Sampler: Secrets and Lies by HM Holten

Review: A brilliant, hard-hitting story and a powerful reminder for all of us, a tale told with depth and insight.

We grow up trusting that our parents and teachers have the right answers. What if that belief brings us to fall?

What happens to persons who put their fate on one card? Win or lose, the risks can be unsurmountable.

Britta is a naïve and trusting child. Her father knows best. Will she find out that not everything is as she thinks? Will she be able to deal with the consequences of her faith?

Sampler: Secrets and Lies

The lightning bolt whizzed past the dining room window and hit the cobblestones in the backyard. Britta jumped up and down at the window until Nana grabbed her arm.

‘And what do you think you’re doing, missy?’ She shook Britta’s arm. ‘Go and sit under the table. Thunderstorms can kill you, and you’re behaving like a maniac.’


‘Hold your tongue and do as you’re told.’

‘Nana.’ She whimpered. ‘I’m scared.’

‘As you should be.’ Nana slapped her behind and pushed her under the table. ‘I’ll stay here and make sure nothing happens to you.’

HM Holten

Britta covered her eyes with both hands and leaned against the table leg farthest away from the window. She wanted Nana. She didn’t know that thunder and lightning could kill her. Would she die because she saw the lightning? Nana promised to stay. Was that because Britta might die? She spread her fingers apart and peeked. Nana paced the floor between the dining table and the window. Was she afraid of dying? Another thunderclap rattled the windowpanes, and Britta whimpered.

‘Shush.’ Nana bent down and stared at Britta, lifting the tablecloth. The girl pulled her legs up and folded her arms around her knees. She held her breath and stared back. ‘Be quiet, Britta. Show that you have some spunk and pull yourself together.’

‘What’s going on?’ Mamma giggled. Why wasn’t she afraid? Nana dropped the tablecloth and there was nothing to see, but Britta could hear mamma shaking out her umbrella. ‘That storm caught me right on the corner. My brolly turned inside out, so I’m wet through.’

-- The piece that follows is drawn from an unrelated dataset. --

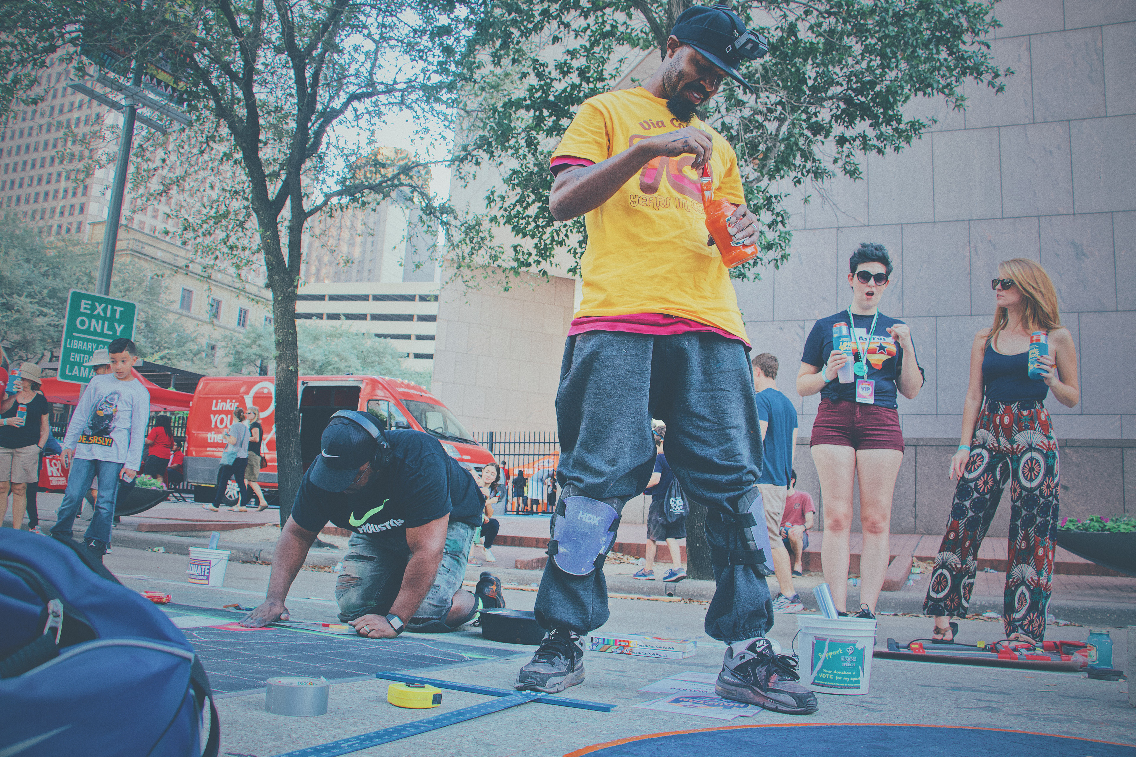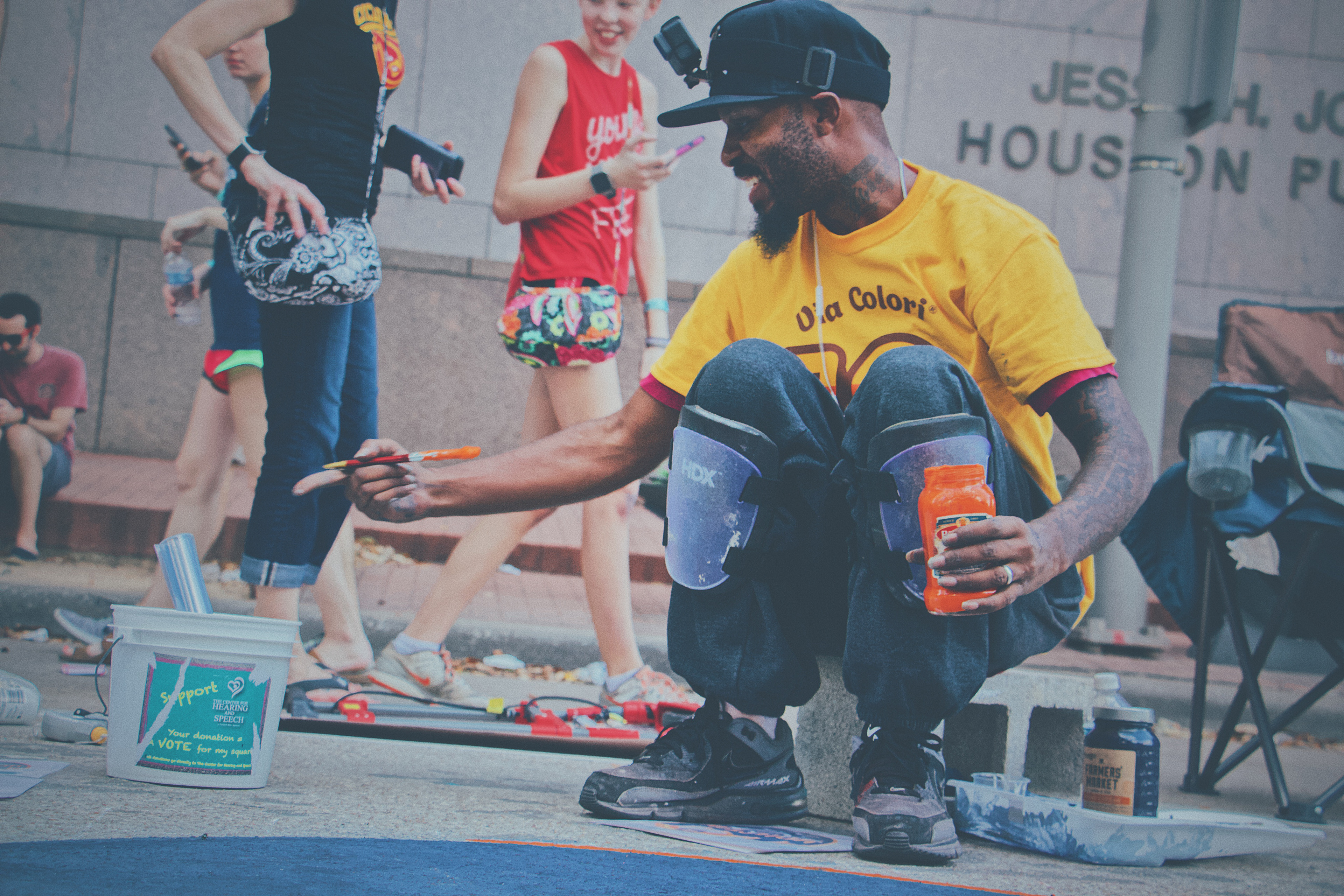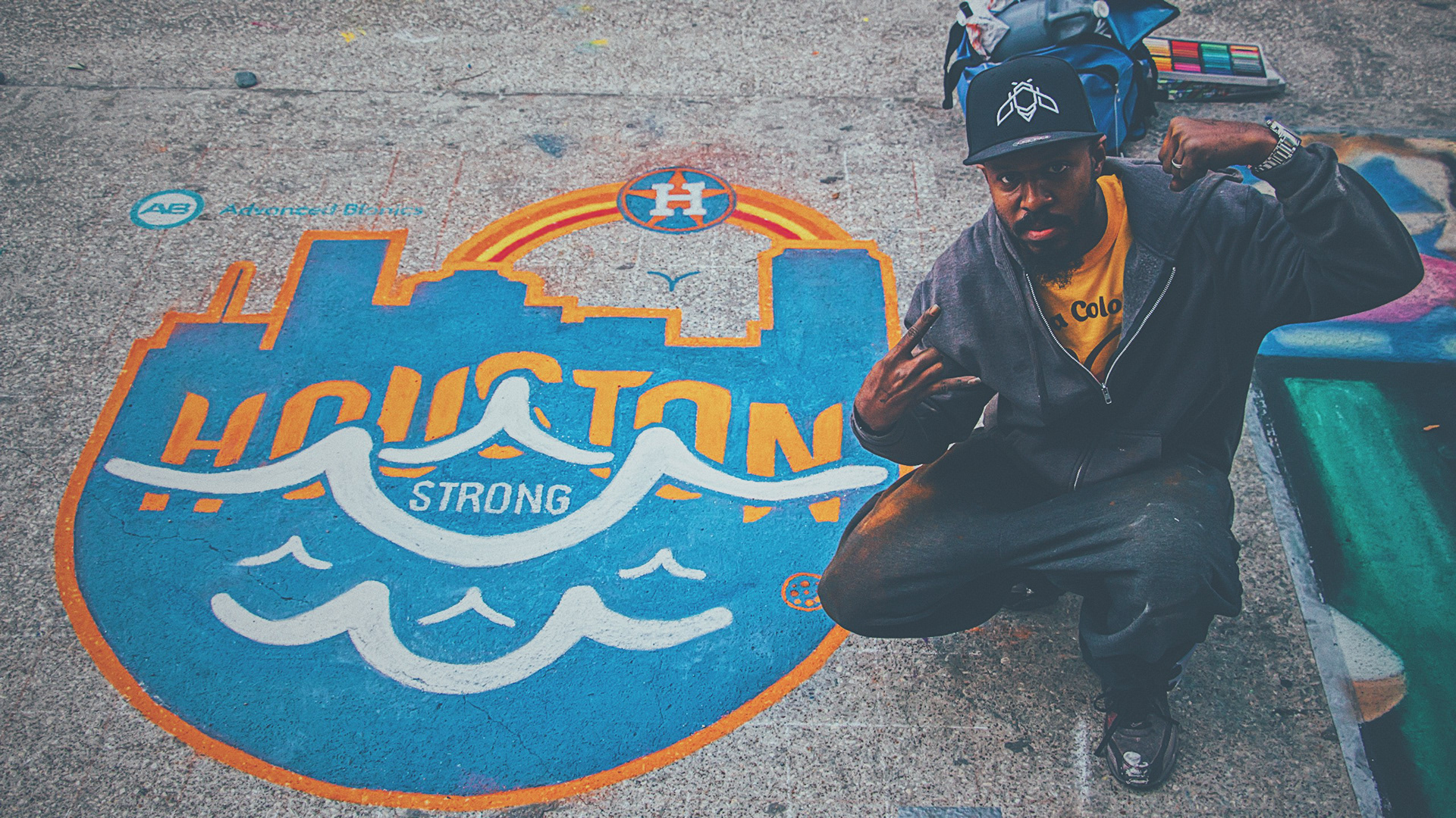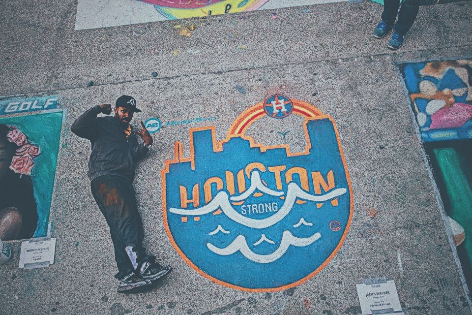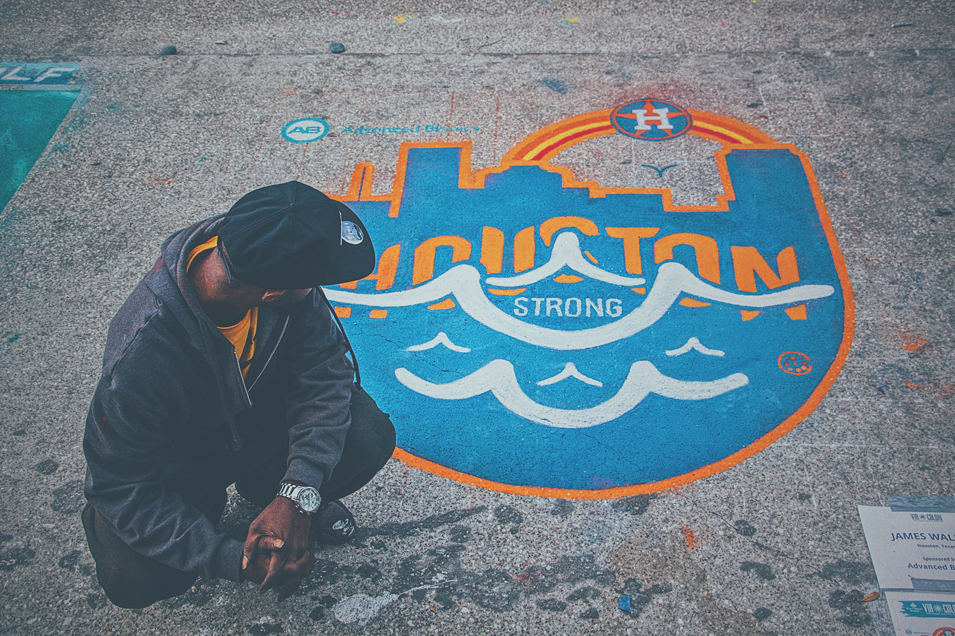 A special tribute to the Houston Astros and a visual relief for all those affected by Hurricane Harvey. This installation was organized by the Houston Via Colori Street Painting Festival as a benefit for the Center for Hearing & Speech and sponsored by Advanced Bionics.
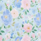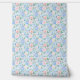 Wallpaper featuring a pretty grandmillennial style cottage floral pattern, with small scale pink and powder blue roses and fresh green leaves on a soft pastel blue background. This sweet, romantic design feels calm and cohesive for bedrooms, nursery walls, and powder rooms, and makes a charming accent wall. Pairs beautifully with white trim, rattan, and vintage framed art.

‘Why did you go out at all? This morning, I told and told you that the Swedish sun was shining.’ Nana sounded angry. ‘It’s no laughing matter to be out in a thunderstorm. You should know better, Ellie.’

‘Oh please. I had to get the fabric. You know that. Don’t forget, we need to have everything ready. It wouldn’t do to wait.’

‘You should have gone yesterday. You’re always tardy. If you had the least sense, you would’ve done this long ago.’

‘Well, as you have enough sense for an entire regiment of children, why shouldn’t I take my time?’ mamma giggled. ‘You look like a thundercloud. Of course, you’re right. What would we do without you to set me right?’

Another thunderclap interrupted mamma. The noise died down, and she sighed before she continued. ‘Look, I’ll go and get some dry clothes. I put the fabric on the table in the corridor. Thankfully, the paper didn’t get wet. Would you?’

‘Oh, all right, Ellie. I’ll deal with it. After all, I’m making the tiny clothes, as your sewing isn’t worth speaking of. Hurry up and don’t forget to dry your hair. You look a fright.’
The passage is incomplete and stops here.